#### TASK INPUT ####

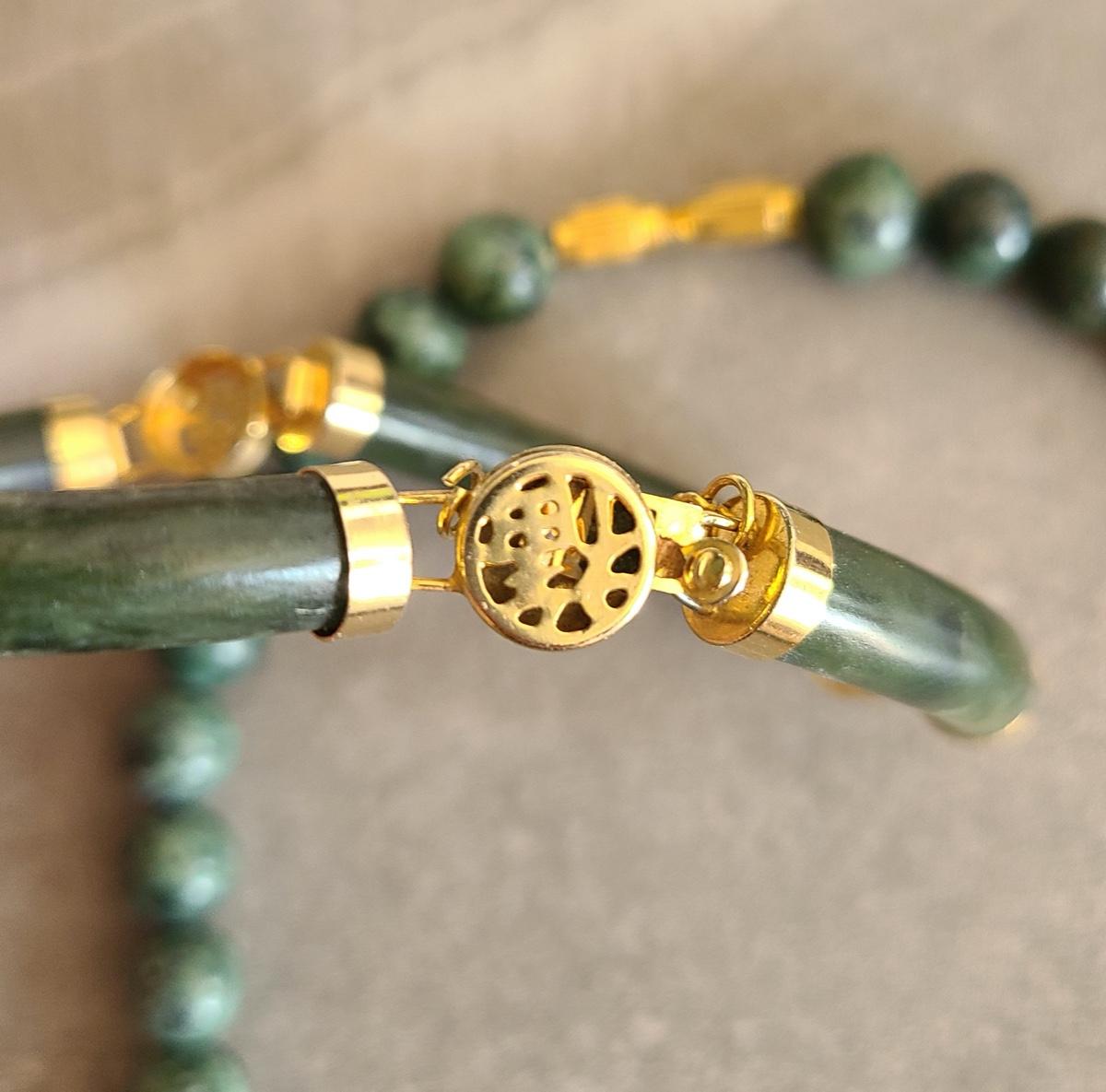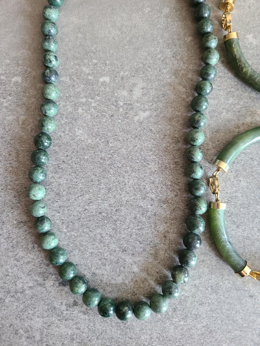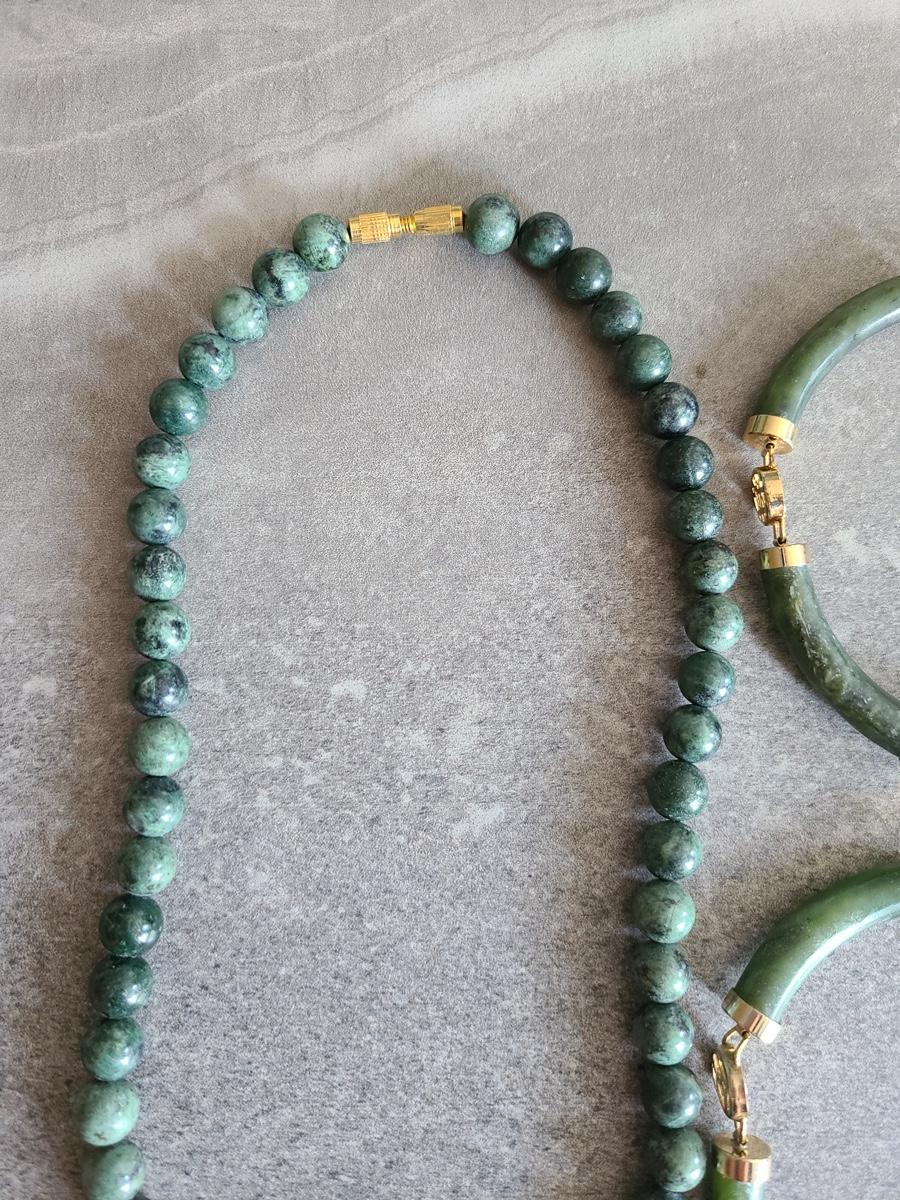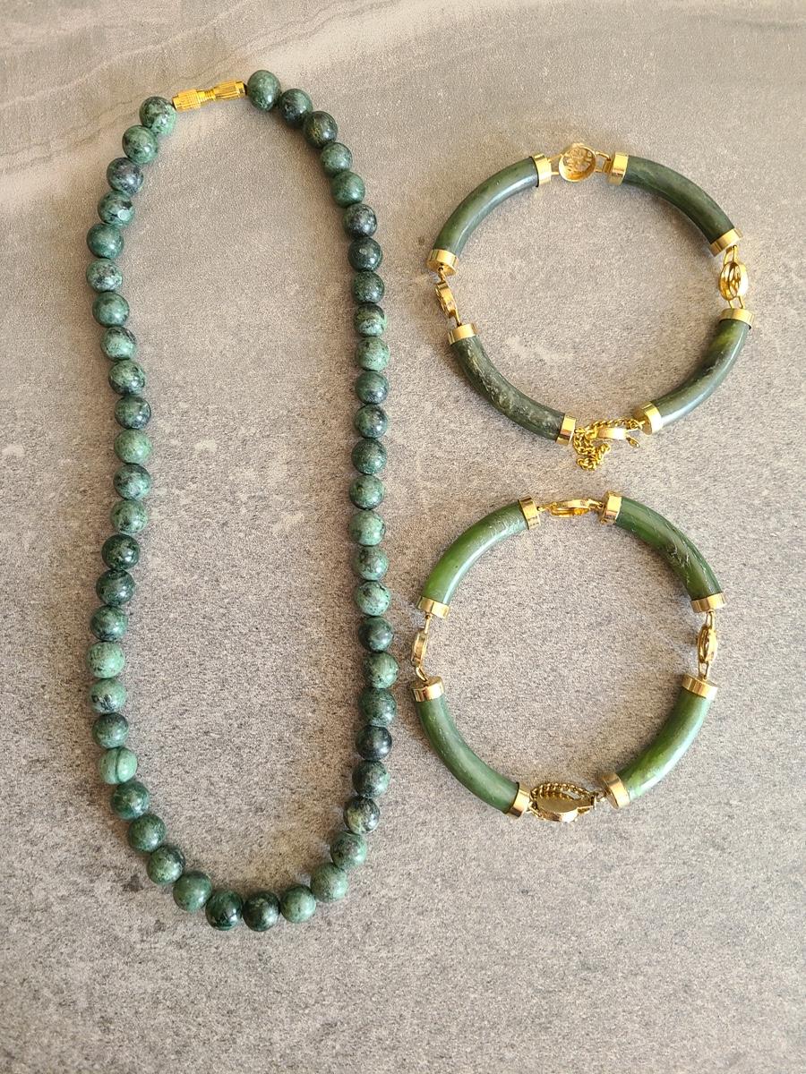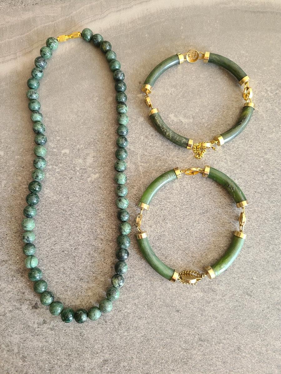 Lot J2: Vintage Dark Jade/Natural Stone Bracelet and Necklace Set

####
#### TASK INPUT ####

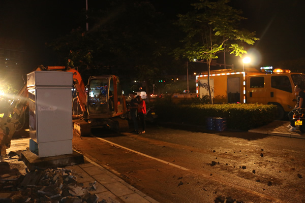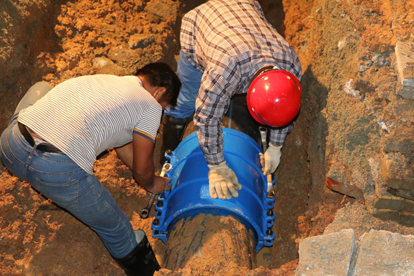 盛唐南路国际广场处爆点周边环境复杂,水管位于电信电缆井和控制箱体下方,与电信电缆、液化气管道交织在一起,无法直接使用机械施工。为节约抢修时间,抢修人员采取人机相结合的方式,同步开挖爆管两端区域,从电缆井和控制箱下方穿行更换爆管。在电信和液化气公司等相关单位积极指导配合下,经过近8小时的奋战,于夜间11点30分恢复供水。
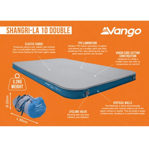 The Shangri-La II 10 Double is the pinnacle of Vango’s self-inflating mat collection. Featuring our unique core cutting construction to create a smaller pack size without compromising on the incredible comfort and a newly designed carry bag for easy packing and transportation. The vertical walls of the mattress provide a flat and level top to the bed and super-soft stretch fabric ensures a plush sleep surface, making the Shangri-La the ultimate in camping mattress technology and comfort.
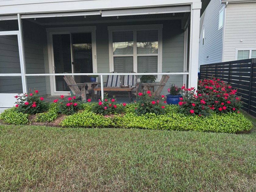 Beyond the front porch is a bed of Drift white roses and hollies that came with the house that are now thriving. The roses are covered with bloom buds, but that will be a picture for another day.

####
#### TASK INPUT ####

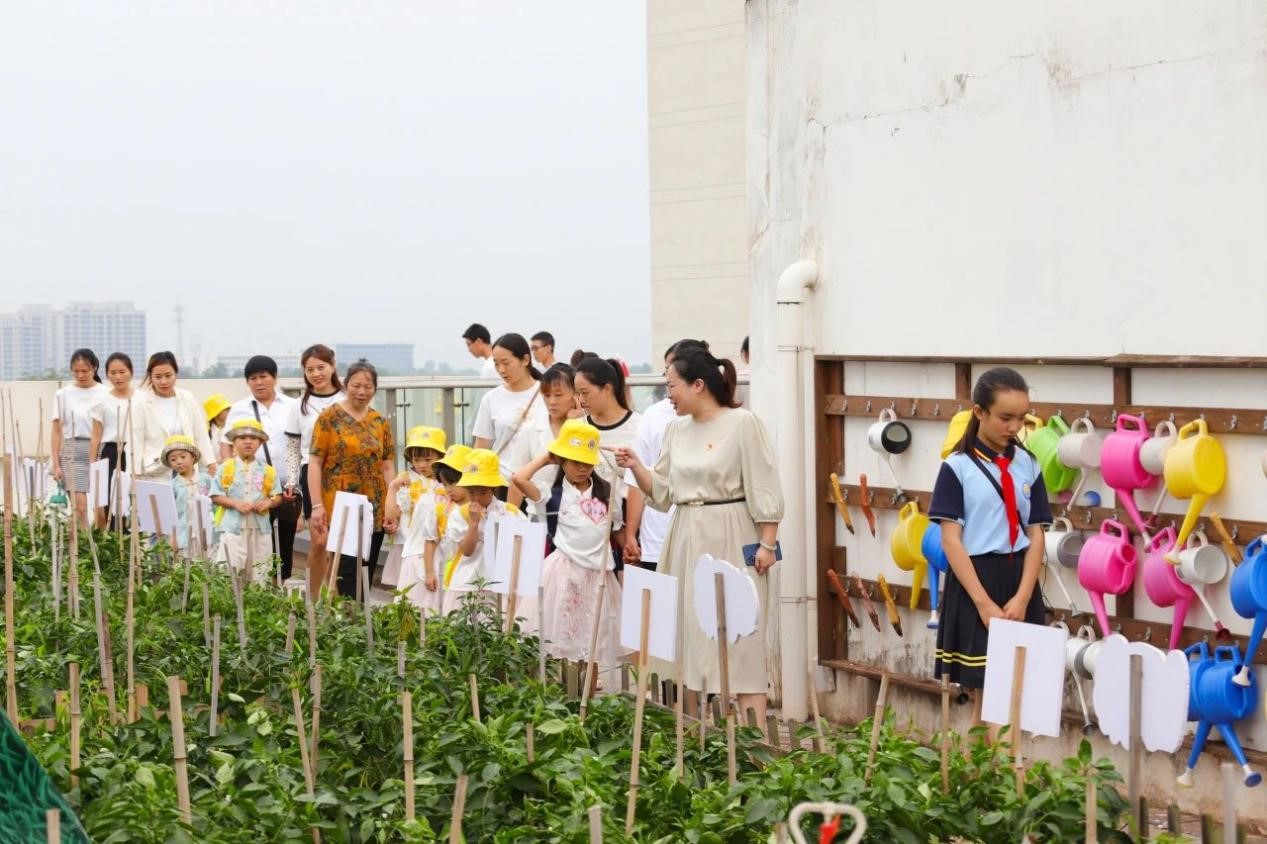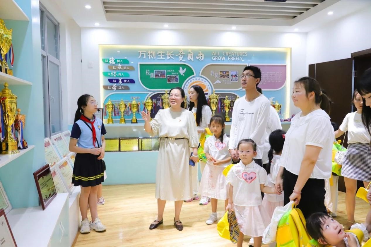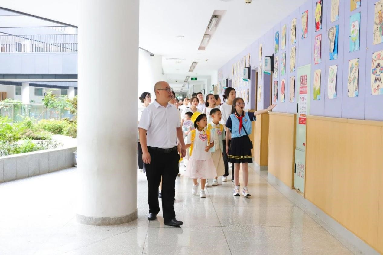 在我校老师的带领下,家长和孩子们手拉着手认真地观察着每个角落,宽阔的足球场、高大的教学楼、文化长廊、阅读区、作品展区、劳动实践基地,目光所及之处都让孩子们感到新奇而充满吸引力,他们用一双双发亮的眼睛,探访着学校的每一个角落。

####

Using the data above, return the lines from the one holding "The Shangri-La II" through the one holding "Beyond the front" exactly, but not the pictures.

◆ **SOLUTION FOR THIS EXERCISE**:
 The Shangri-La II 10 Double is the pinnacle of Vango’s self-inflating mat collection. Featuring our unique core cutting construction to create a smaller pack size without compromising on the incredible comfort and a newly designed carry bag for easy packing and transportation. The vertical walls of the mattress provide a flat and level top to the bed and super-soft stretch fabric ensures a plush sleep surface, making the Shangri-La the ultimate in camping mattress technology and comfort.
 Beyond the front porch is a bed of Drift white roses and hollies that came with the house that are now thriving. The roses are covered with bloom buds, but that will be a picture for another day.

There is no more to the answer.